The amphitheater is located on a hillside on the western edge of Spearfish. The stage consists of the main city gate, the home of Mary and Martha, Pilate's house, center stage, temple building, council platform, the Garden of Olives and tomb area. Thereafter, there is a bridge, and a gravel pathway leading up to the crucifixion area on the Hill of Golgotha. As the hill slopes west to east the audience faces east with the main city gate to the north and crucifixion hill to the south.
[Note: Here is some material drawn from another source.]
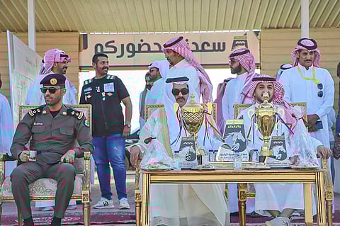 وفي ختام السباق توج محافظ العقيق الفائزين في المحفل الأول لسباقات الخيل للعام الحالي.
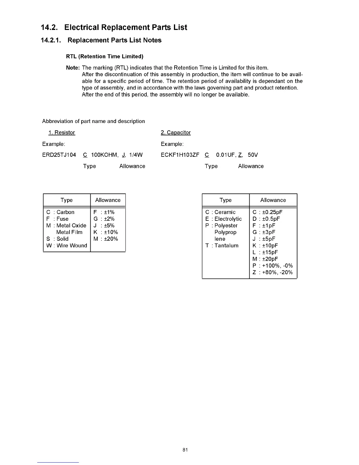 14.2.1. Replacement Parts List Notes

Originally the crucifixion scene took place on top of the hill, but in 1947 this was moved lower down the hillside where two plateaus were provided. The higher level is now used for the crucifixion and participants in the play are stationed on the lower level. From the bridge to the plateau where the participants stand during the crucifixion scene there is a steep rise of approximately 18 feet. Except for the gravel pathway the side *21of the hill is covered with rocks, weeds, bushes, stones, and gravel. As the pathway nears the first plateau there is a sharp turn to the left and a sharp rise of about four feet to a level grassy area. The ledge of this lower plateau is not protected in any manner by a fence, rail, or hedge.

On the evening of July 11, 1963 plaintiff went out to participate in the play as a super with her friend, Mrs. Belle Yanzick. She was given a costume and took part as usual in several scenes prior to the march to Golgotha. The march entered the stage from the main or north gate and proceeded in a southerly direction. Roman Guards, on horseback, led the procession followed by Temple Guards and the two thieves. Then came defendant portraying Christ carrying the cross. He was followed by a group of priests and citizens composed of professional actors and supers including the plaintiff and her friend. The procession proceeded past the buildings on the stage area and continued down to the Garden of Olives and tomb area, where persons under 14 years of age and others who do not desire to proceed further drop out by going behind the tomb. Mrs. Yanzick dropped out at this point and plaintiff continued on by going across the bridge and up the pathway to Golgotha.

Some 25 or 30 participants continued in the procession. When they reached the plateau they were spaced and stationed by priests in charge. Plaintiff was placed directly in front or north of the higher plateau upon which the crosses stood.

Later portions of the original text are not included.